7digital CEO: 'Freemium Model Alone is Unsustainable'
-- It's interesting to read that 7digital CEO Ben Drury said, "the freemium model alone is unsustainable." The comment came after Spotify took over its own MP3 sales, a function previously performed by white label service provider 7digital.

Let's be honest, the freemium model isn't even going to get a chance to prove whether or not it's sustainable. The tides of influence are clearly against it. We saw evidence of this last month when Spotify had to cut back on the amount of free listening afforded to its unpaid users.
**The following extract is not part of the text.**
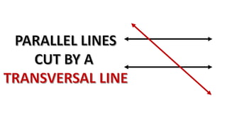 When parallel lines are cut by a transversal line, the alternate angles formed are equal, the corresponding angles formed are equal, and the co-interior angles formed are supplementary. These relationships can be used to find missing angle measures, as when parallel train tracks are crossed by a road, the angles made at the intersection follow these rules.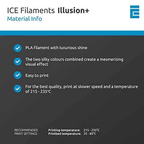 Illusion+ Filament di ICE Filaments è un filamento PLA di alta qualità con un'illusione visiva che combina due colori setosi

No, rights holders want paying customers and fear the freemium business model will not adequately convert free users into paying customers. As a result, the most common freemium model could be the one that gives only non-interactive streaming to free users while granting to paying customers on-demand access to a large catalog of songs. This type of compromise could be the best way to get the freemium model in front of consumers. We already know price-sensitive listeners enjoy Internet radio.

Rights holders don't have to feel like they're giving up the farm. And digital service providers can attract both price-sensitive Internet radio users and price-insensitive on-demand users. So the freemium business model need not be dead after all.
(paidContent UK)

Digital Music To Benefit If Venture Capital Rebounds
-- Is venture capital poised for a rebound? Clearstone Venture Partners managing director William Quigley argues, "A venture capital revival is upon us." Digital music stands to benefit if that is indeed the case.

Many have wondered if today's tech cycle is a repeat of the dot-com bubble a decade ago. At first glance, current valuations of Groupon and Facebook, for example, might seem out of whack with historical precedent. But Quigley points out a few key differences between then and now.

First of all, Internet penetration is far greater than it was in the late 1990s. The Internet was hardly mainstream. Now, broadband penetration is high in many parts of the world, giving today's startups the ability to both quickly reach scale and reach a more global audience.

But music startups may not have those advantages. While any music startup certainly benefits from high broadband penetration as well as growing smartphone usage, that startup's business model will determine whether the product can quickly have a global reach. If licenses from rights owners are necessary to the product, the startup will be able to grow only in markets where licenses have been acquired. If licenses are not required, a startup could operate just about anywhere and have a chance of reaching users across the globe.

But music startups will benefit from increased venture capital activity. And as time passes, investors seem to be more cognizant of the differences between startups that do and do not require licensed content. For the VC firms that desire to stay away from rights quagmires, plenty more opportunities exist.
(Quigley Report, .docstoc)

Are Media Investments Hot Again?
-- Media investments are hot again, the Financial Times notes, as improved lending terms and an economic recovery are expected to make media investments hot through the end of the year. "Many media businesses have been owned for at least three years," a director at a private equity firm said. "Even if you bought in 2007 you are two-thirds of the way through the holding period. Most are looking for an exit."